1. The position of being elder or senior; seniority, precedence of birth, primogeniture.
1594. R. Parsons, Confer. Success., I. vi. 128. Primogenitura or eldership of birth was greatly respected by God.
1667. Dryden, Ind. Emperor, I. ii. My claim to her by Eldership I prove.
1754. Richardson, Grandison, I. v. 19. Her sister addressed her always by the word Child, with an air of eldership.
1838. Arnold, Hist. Rome, I. 274. [By Roman law] all children inherited their fathers estate in equal portions, without distinction of sex or eldership.
2. nonce-use. As a mock title of honor (after lordship): The personality of an elderly person.
1748. Richardson, Clarissa (1811), IV. 90. So irresistible to their elderships to be flattered.
3. The office or position of elder in a church.
1577. Harrison, England, II. v. (1877), I. 109. The office of eldership is equallie distributed betweene the bishop and the minister.
1655. Fuller, Ch. Hist., IX. vi. § 52. He was deposed from his Eldership.
4. The collective body of (ecclesiastical) elders; a body or court of elders, a presbytery.
1557. N. T. (Genev.), 1 Tim. iv. 14. That gyft which was geuen thee by prophecie with the laying on of the handes, by the Eldership.

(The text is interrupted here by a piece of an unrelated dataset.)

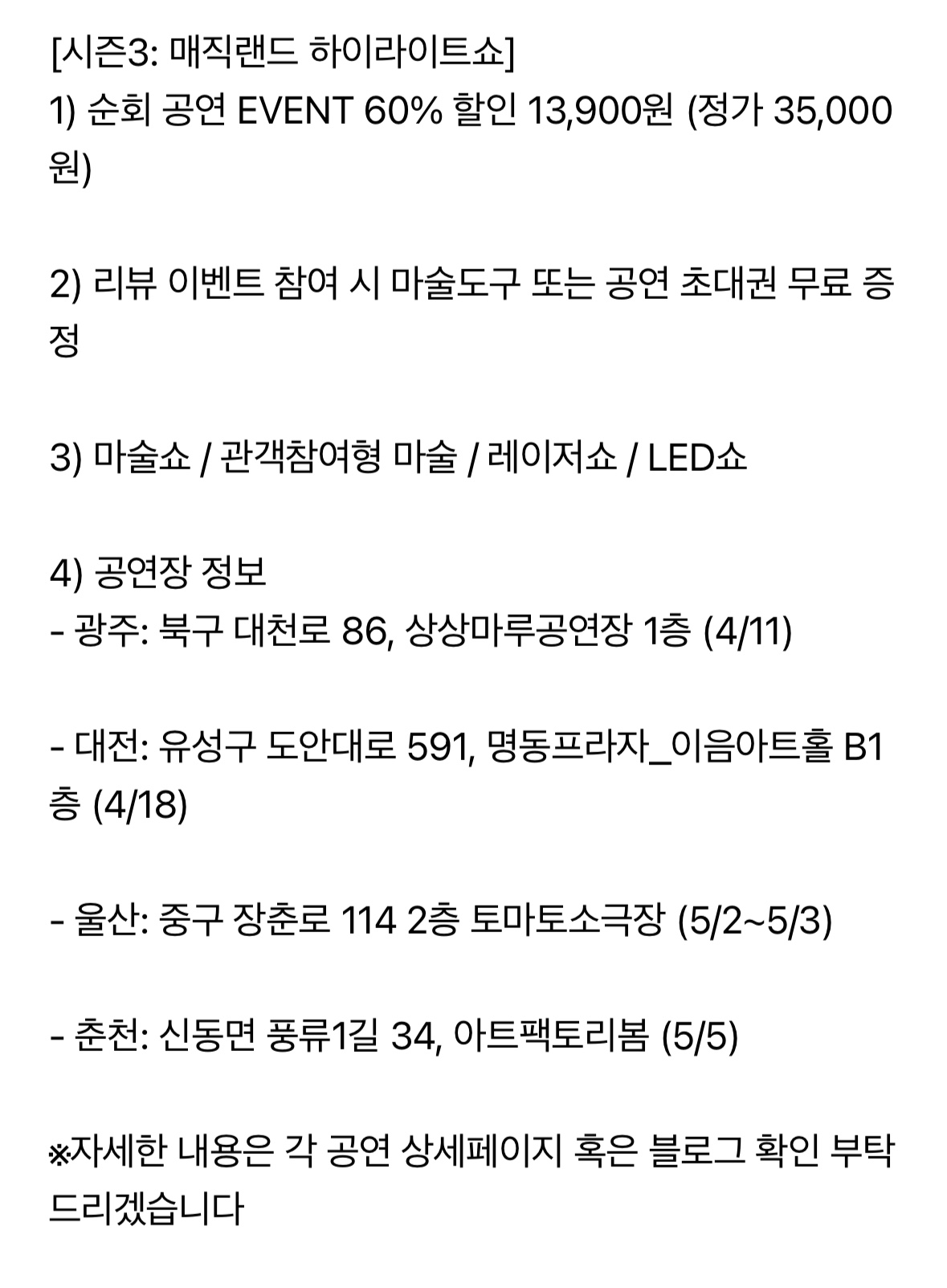 주말에 순회하면서 광주/울산/춘천/대전에서 마술쇼하는데 이번 토욜은 광주에서 해요

163446. Row, Hist. Kirk (1824), 66. They that tyrannize not over, but be subject to their particulare elderships.
1721. Wodrow, Corr. (1843), II. 568. Do you not lay in one scale the minister against the whole eldership in the other?
1828. E. Irving, Last Days, 151. As office-bearers in the church we are an unholy and an unworthy eldership.
1885. Edgar, Old Ch. Life Scotl., 189. All the courts of the Church might be called either Presbyteries or Elderships.